## Exercise prompt
Set down, exactly and only, everything from the line containing "4、能够实时获取用户所在地的天气信息,并在水印中显示,还能了解当时的天气状况。" down to the line containing "- Radio: Subaru" in the data below; the pictures are not part of the copy.

---------- Study material ----------

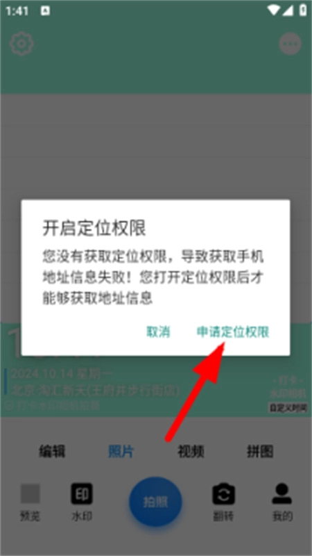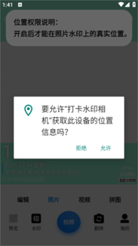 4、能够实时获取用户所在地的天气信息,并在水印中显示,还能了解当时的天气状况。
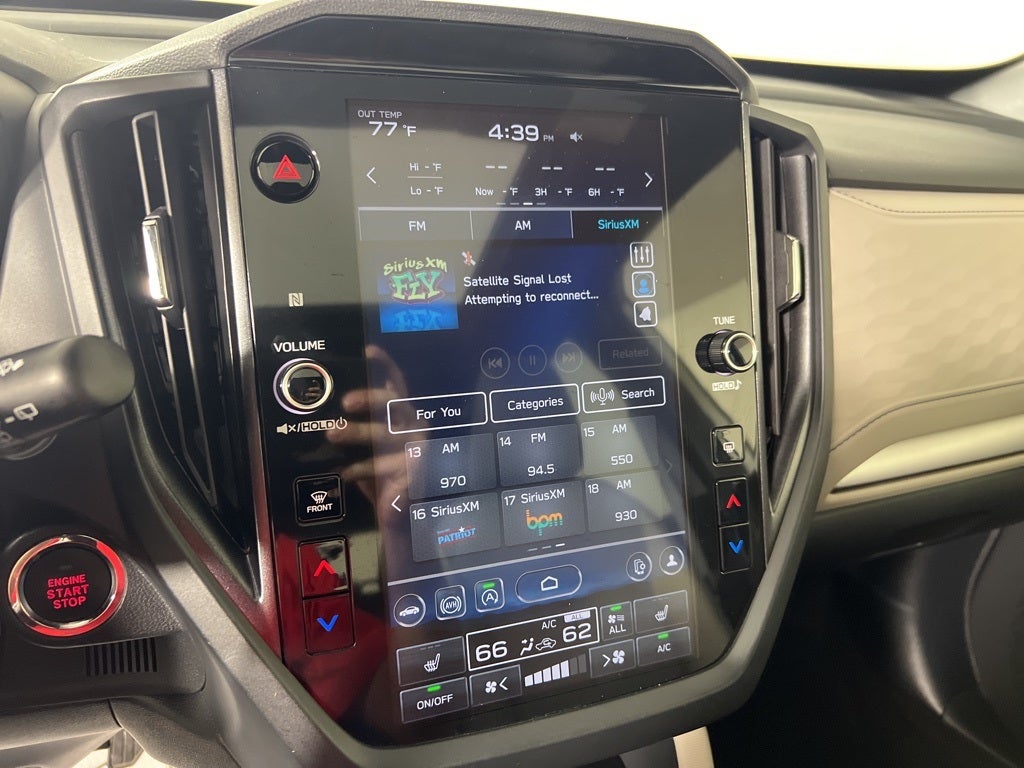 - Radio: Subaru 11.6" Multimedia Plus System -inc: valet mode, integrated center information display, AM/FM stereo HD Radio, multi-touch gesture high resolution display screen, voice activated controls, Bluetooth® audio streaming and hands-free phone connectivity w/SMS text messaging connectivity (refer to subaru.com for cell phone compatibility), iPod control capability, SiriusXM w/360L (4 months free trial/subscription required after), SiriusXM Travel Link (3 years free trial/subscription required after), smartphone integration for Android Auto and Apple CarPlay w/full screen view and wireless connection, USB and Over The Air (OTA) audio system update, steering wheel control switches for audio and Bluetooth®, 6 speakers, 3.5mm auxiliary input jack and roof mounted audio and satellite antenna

----------
---------- Study material ----------

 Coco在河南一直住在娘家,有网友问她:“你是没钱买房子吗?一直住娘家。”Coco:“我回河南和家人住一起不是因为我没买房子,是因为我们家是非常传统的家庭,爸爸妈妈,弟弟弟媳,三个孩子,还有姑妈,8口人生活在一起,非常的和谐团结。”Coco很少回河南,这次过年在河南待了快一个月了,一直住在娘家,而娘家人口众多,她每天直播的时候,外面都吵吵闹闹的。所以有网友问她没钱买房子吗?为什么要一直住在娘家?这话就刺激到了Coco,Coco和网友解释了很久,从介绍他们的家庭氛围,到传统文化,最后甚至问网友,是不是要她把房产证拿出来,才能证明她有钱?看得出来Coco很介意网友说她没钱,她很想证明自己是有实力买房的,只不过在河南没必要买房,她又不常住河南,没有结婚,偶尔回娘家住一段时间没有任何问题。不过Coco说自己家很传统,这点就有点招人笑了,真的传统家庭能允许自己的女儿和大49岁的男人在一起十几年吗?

----------
---------- Study material ----------

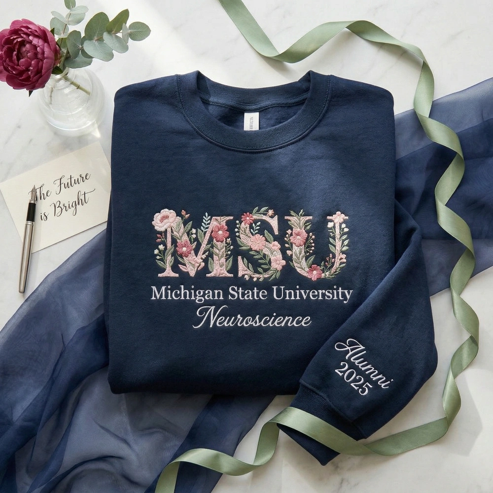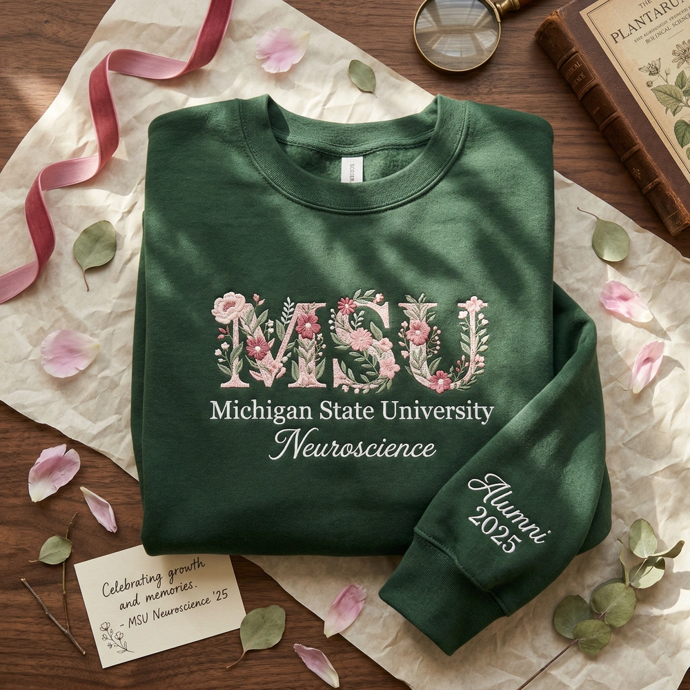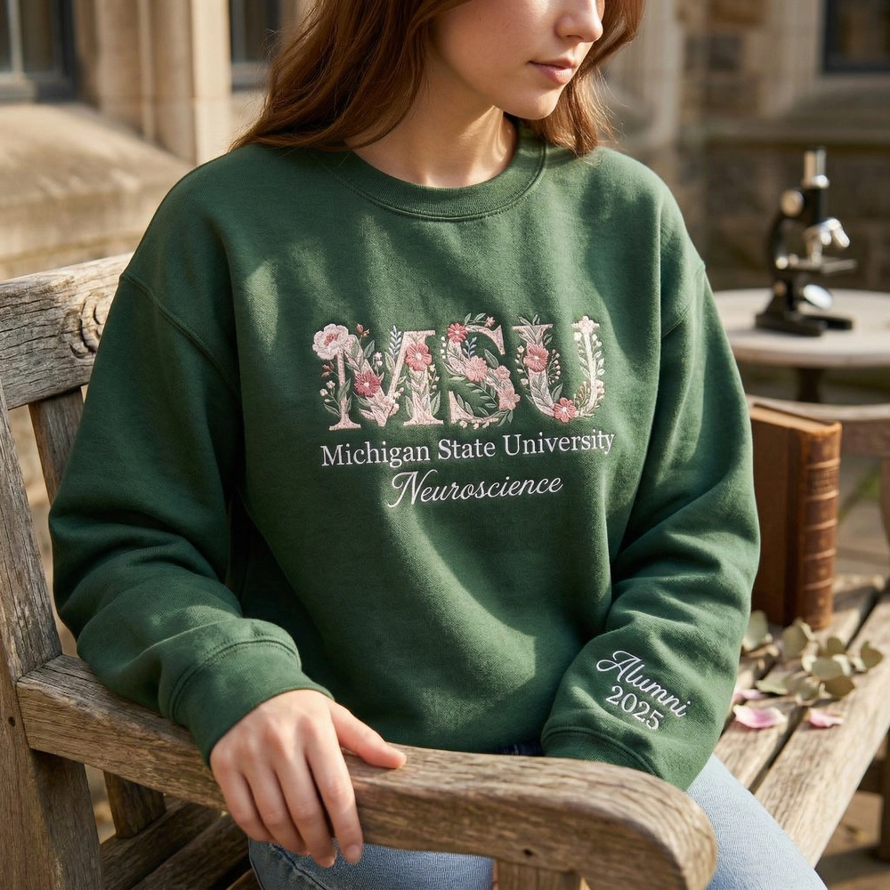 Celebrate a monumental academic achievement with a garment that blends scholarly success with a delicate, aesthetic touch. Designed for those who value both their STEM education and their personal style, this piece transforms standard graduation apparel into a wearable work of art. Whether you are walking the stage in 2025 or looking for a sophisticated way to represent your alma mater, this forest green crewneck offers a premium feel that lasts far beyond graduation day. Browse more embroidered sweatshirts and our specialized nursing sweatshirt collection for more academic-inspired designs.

----------

## Answer for the task
 4、能够实时获取用户所在地的天气信息,并在水印中显示,还能了解当时的天气状况。
 - Radio: Subaru 11.6" Multimedia Plus System -inc: valet mode, integrated center information display, AM/FM stereo HD Radio, multi-touch gesture high resolution display screen, voice activated controls, Bluetooth® audio streaming and hands-free phone connectivity w/SMS text messaging connectivity (refer to subaru.com for cell phone compatibility), iPod control capability, SiriusXM w/360L (4 months free trial/subscription required after), SiriusXM Travel Link (3 years free trial/subscription required after), smartphone integration for Android Auto and Apple CarPlay w/full screen view and wireless connection, USB and Over The Air (OTA) audio system update, steering wheel control switches for audio and Bluetooth®, 6 speakers, 3.5mm auxiliary input jack and roof mounted audio and satellite antenna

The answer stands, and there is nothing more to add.